Насмотревшись псковских музейных и архитектурных красот, зашел в первый попавшийся дворик, посидеть, отдохнуть. Старый, толстостенный дом в три этажа, мощный тополь, несколько новых посадок. Девочка лет двенадцати рядом со мной то и дело склоняется над коляской – и гугукает, и приговаривает.
– Какие сапо-ожки! Ни у кого нет таких сапожек, как у Карины. Нет-нет, ни у кого!.. Ах ты, мой маленький!..
Видно, что нянчит она с удовольствием. По двору бегает кобелек, кусает девочку за ноги, урчит. Она отбрыкивается, смеется.
– А ты все выкобеливаешься! Вот дам под жопу.
Две старухи с лавочки возле парадной позыркали на меня да отстали. Занялись своим прямым делом.
– Это кто пошел, Наташа?
– Это Ритка.
– Ритка? Какая она стала маленькая. А это зять пошел.
– Твой пришел соблазнять, мой спал еще.
– Куда ходили?
– Куда… А х… их знает. Мой спал бы еще…
На лавке рядом с ними сидит котенок. Кобелек, которого зовут Яшкой, подбежит, лапками обопрется о край скамейки – а не достать. Котенок – на дыбы.
Девочка поднимает младенца, пытается поставить его на ноги.
Старухи смотрят с неодобрением.
– Хочешь, чтоб робёнок у тебя ходил… твою мать, чтоб бежал, все хочешь…
– Мала еще… Дай ей котенка, пусть потискает.
Я смотрю на них с почтительным вниманием чужака, ловлю каждое слово, каждую интонацию. Вот так они, наверное, и при Пушкине говорили – псковитянки. И во все прежние времена. На берестяных грамотах, что ни слово, то срамотища.
Ночью на станции качаются отсветы невидимых фонарей, искрится от падающего дождя товарный вагон, мечется дым из трубы, сбивается вниз, под колеса. Хорошо на это смотреть из окна теплого вагона, который вот-вот отойдет.
Старуха, преодолев робость, вступает в беседу:
– А ты все читаешь да пишешь. Чай, всю газету прочитал? Ну и что пишут? Будет война, ай не? Вот как, гляди! А какая ж сторона там мутит? Ишь! Опять Германия. Видать, он там злой. Никак не отвяжется. Вон ручки-то у тебя тонкие да белые. А у меня два сыночка погибли, молоденькие да хорошенькие.
Девка при ней:
– Все она врет.
Провожая меня из волгоградской командировки, мой армейский друг, директор школы Володя Пашков, часа за три до поезда воскликнул:
– Да, а чего же ты семье привезешь?
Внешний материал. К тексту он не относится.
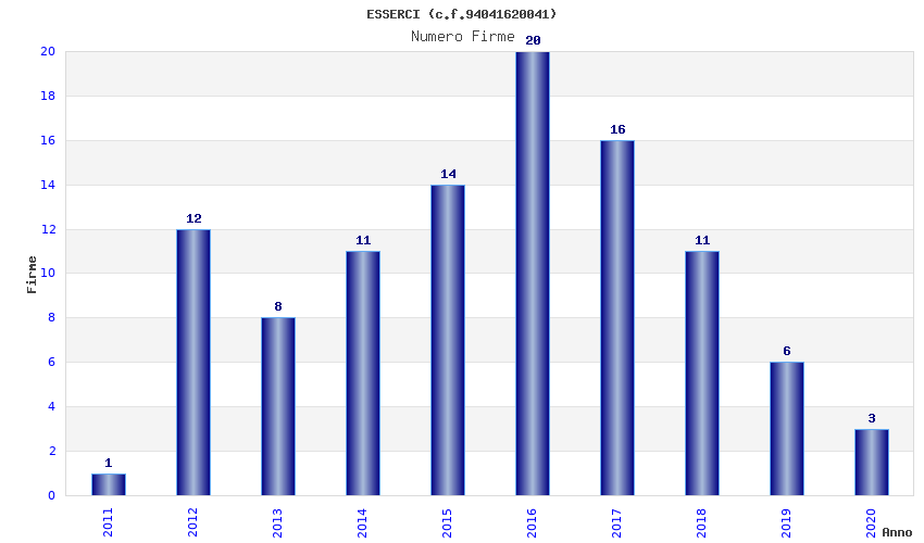 | Anno | Firme | Importi | Media | Naz. | Reg. | Prov. | Comu. |

Ты что, без гостинца домой поедешь? Ну-ка пошли!..
Оставив рюмки недопитыми и прихватив фонарик, мы пошли по улицам и минут через десять спустились к Волге. Вдоль всего низкого берега тянулись крохотные сарайчики. На берег ложились ранние сумерки. На воде в отдалении стояло маленькое суденышко. Пашков помигал фонариком, и оно вдруг пошло к нам. О чем-то он поговорил с людьми на борту, и я увидел, как четыре руки передали ему большого осетра, метра в полтора. Он едва удержал его и плюхнул на мостки. Суденышко тотчас же отчалило.
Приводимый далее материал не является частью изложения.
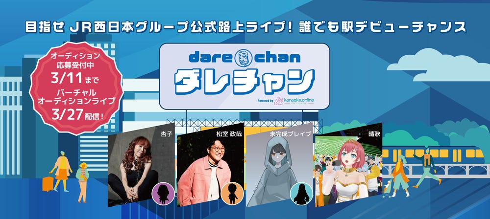 「ダレチャン」は、JR西日本グループが駅および周辺施設での路上ライブ文化を安心かつ安全に活用する実証実験として主催する、音楽活動でアーティストを目指す方なら誰でもチャレンジできる公式オーディションイベントです。また、「カラオケドットオンライン(以下、カラオン)」は、ビジュアライズが提供する、VRゴーグルとカラオケ音源を使って、誰もが簡単にバーチャル空間でVTuberとして活動できるサービスです。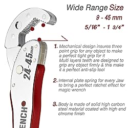 • 【Magic Wrench】is an Original Korean made multi-purpose self- adjust double heads ratcheting all in one wrench ( As Seen On TV ) that automatically adapt for tightening and loosening objects in a numerous range of sizes and shapes with ratchet feature that allow a quick repeatedly clamps & releases done using one hand with better grip, it comes with plastic pouch for better protection and easy carrying and storage 【Special Design, Perfect Structure】 Magic wrench is a heavy duty high quality tool, It has a durable rust resistant chrome plated body with non-slip convenient handle for best hand grip, the deep groove jaws are made of anti-abrasion hardened steel with sharp and rough teeth so it does gripping the objects very well & tight even on rounded & smooth edges and can apply the maximum strength force & torque & protecting the surface of nuts at the same time in both loosen or fasten situations 【Every Where portable Tool】 as a light weight compact size tool it can be used by professional & novice users for DIY industrial plumbing works carpentry & mechanical tasks at office home outdoor garden & garage, It’s a handy tool for plumber carpenter tradesman homeowner workers & craftsman, It’s used for automotive bike car bicycle & motorcycle maintenance & for general kitchen & bathroom sinks drains shower-heads gas tank radiators & boilers mechanic repair jobs & for household assembly tasks 【Multi-function Super Wrench】 It’s an effective & practical self-adjusting gripper tool suitable for clamping all shapes of pipes and fasteners like hexagon round cylinder square spiral big hex & star nuts & bolts & PVC plastic & iron water pipes & Aluminum tubes stainless rods taps brass valves links connections wheels adapters large faucets wing self-Locking turnbuckle small & Jumbo nuts rusty flat screws and locknut, it can loss them all even they are worn or rusted 【UNIVERSAL COMBO Tool】 It can replace many tools like pipe & ratchet wrench

– Ну, давай, понесли, – сказал Пашков. – Рыбоохрана выручила.
Через пять минут мы стояли в одном из сарайчиков. Я светил фонарем, Пашков вспарывал брюхо рыбины, доставал икряной мешок.
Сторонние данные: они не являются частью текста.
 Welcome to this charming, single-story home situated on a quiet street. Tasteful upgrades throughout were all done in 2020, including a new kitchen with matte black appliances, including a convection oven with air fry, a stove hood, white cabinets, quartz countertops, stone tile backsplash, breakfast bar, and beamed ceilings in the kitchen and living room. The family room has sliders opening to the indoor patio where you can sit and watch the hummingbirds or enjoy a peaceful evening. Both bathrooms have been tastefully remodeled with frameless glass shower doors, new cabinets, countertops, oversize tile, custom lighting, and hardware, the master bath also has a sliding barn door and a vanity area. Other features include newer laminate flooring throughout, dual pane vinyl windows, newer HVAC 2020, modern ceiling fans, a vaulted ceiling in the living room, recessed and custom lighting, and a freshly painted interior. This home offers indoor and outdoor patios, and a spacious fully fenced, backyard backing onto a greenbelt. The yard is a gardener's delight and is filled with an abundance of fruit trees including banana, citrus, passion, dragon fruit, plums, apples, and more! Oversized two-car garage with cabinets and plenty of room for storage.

– Посвети, – сказал он, – там, на полке соль есть. Давай-ка попробуем…
Вернувшись в Ленинград, я позвал друга с женой, вывалил икру из литровой банки в тарелку. Потом положил четыре столовых ложки и сказал:
– Лопайте!
Хоть один раз в жизни каждый должен поесть икры ложкой. Поесть и забыть.
О, Господи, попалась на глаза старая фотография 1955 года. Вепсы, река Оять, край непуганых птиц и зверей, где никто отродясь паровоза не видел. Я свежеиспеченный учитель русской словесности, заброшенный сюда «по распределению», а мне уже доверен выпускной класс.
Вот мы в сентябре возле школы, передние сидят, задние стоят, а я, классный руководитель, разумеется, посредине. Сам-то недалеко ушел от них, ну, лет на пять или шесть. На лицах девушек печать усталости, какой-то старообразности – то ли от плохого питания и раннего физического труда, то ли как знак вырождающейся народности. Кажется, что они загодя приготовили озабоченно-недовольное выражение, с которым им, хочешь не хочешь, вскоре придется ходить в роли деревенских хозяек, окруженных детьми, птицей, скотиной, полных скорбного раздражения против пьющего мужа.
В лицах же парней яснее видны черты индивидуальности, характера и бойцовского напряжения. Им через год в армию, а оттуда всюду дороги открыты. А что, из таких же, как они, пареньков в нашем государстве получались и маршалы, и премьер-министры, и генсеки. Как они там командовали и управляли – это другой вопрос, но звания и чины носили. Мои до этих высот не доросли. Лишь один позвонит мне лет через тридцать пять и представится как первый секретарь Лодейнопольского райкома партии – Толя Белокуров, вон наверху, третий слева.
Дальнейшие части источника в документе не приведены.